This story originally published online at UNC Media Hub.

Scientists at the UNC-Chapel Hill have developed a new method of HIV prevention that could protect users for up to six months with just one injection.

It’s a major step forward in the field of HIV prevention, which has primarily relied on once-daily oral PrEP medication for the last decade. 

For six years, Rahima Benhabbour’s lab in the UNC/NCSU Joint Department of Biomedical Engineering has worked to create an injectable implant that can release HIV prevention medication over a long period of time. 

“There’s still about 1.2 million people who get infected with HIV every year,” Benhabbour said. “That’s just unacceptable on so many different levels, and it doesn’t have to happen if there’s good preventative methods.”
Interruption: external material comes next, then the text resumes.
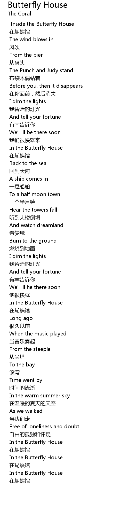 | 歌曲 | Butterfly House |
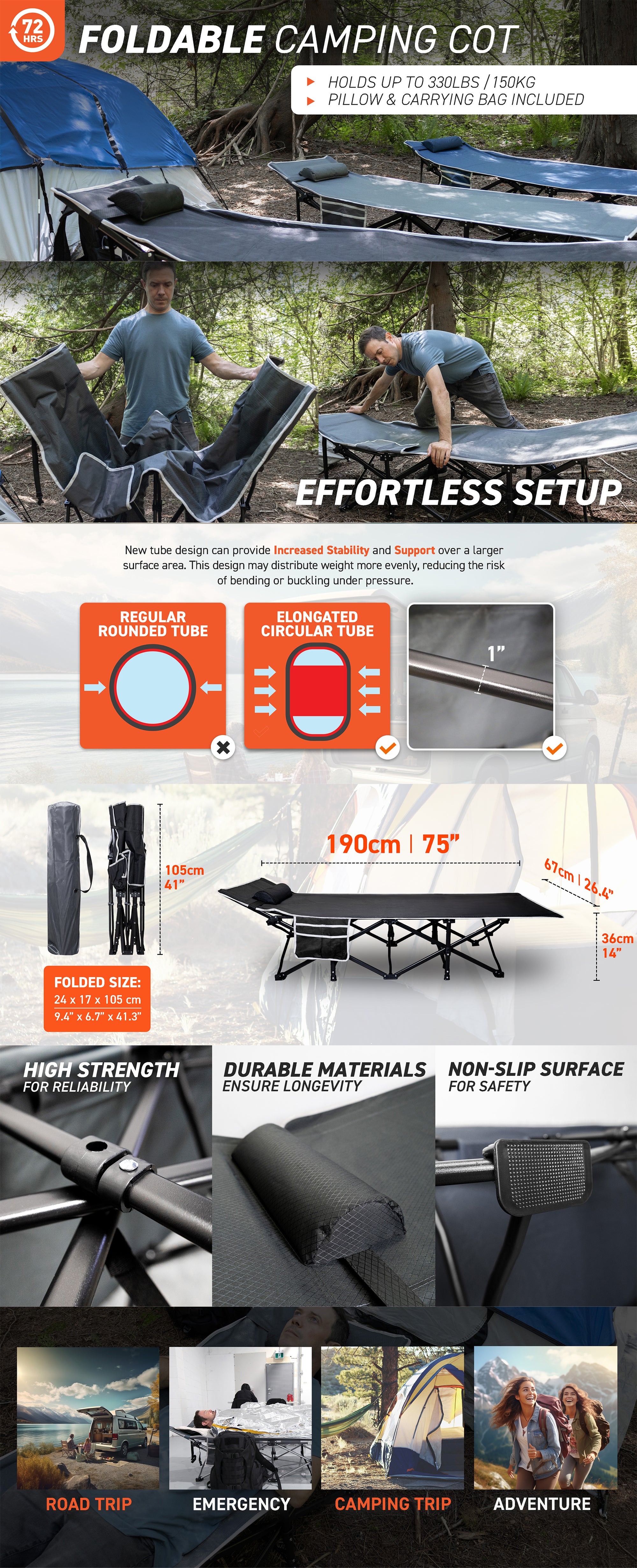 72HRS Portable Camping Cot, with Detachable Headrest and Carry Bag (Black)

In February, Benhabbour’s team, in collaboration with the Centers for Disease Control and Prevention, released a paper showing that their treatment provided 100% protection from HIV for up to six months when tested on non-human primates. 

The road to human application for the treatment is long and expensive, though. Benhabbour estimated it could take two years to get through an investigational new drug application with the Food and Drug Administration and three years to get to clinical trials. 

Regardless of the wait, it’s an exciting development for infectious disease experts.

“This is really another tool in our HIV prevention toolbox,” Victoria Mobley, HIV/STI medical director with the N.C. Department of Health and Human Services, said. “It’s extremely exciting and will help us in our efforts to end the HIV epidemic.” 

In North Carolina, Mobley said HIV cases have hit a plateau.

“Although we’re not seeing a significant increase in HIV and reported HIV cases, we’re not really seeing a decrease either, which is unfortunate,” she said. 

In 2021, 1,400 North Carolinians received a new HIV diagnosis, according to the state. In 2019, before the pandemic, the number of new cases was 1,383

More than 7,000 people in North Carolina used PrEP in 2021, an increase from about 6,000 the year before, according to AIDSVu, a national organization that tracks HIV.

While oral PrEP is effective at preventing HIV, the daily pill presents barriers for many patients. For instance, patients may forget to take it.

“The daily pill works really well for men, but not as much for women just because of the nature of the drugs and how they accumulate in the vaginal versus rectal compartments,” Benhabbour said. “So that gives a lot less forgiveness for women. Men can miss a couple pills and they’re still quite protected, but women, once they miss one or two, their efficacy goes significantly down and they’re no longer protected.”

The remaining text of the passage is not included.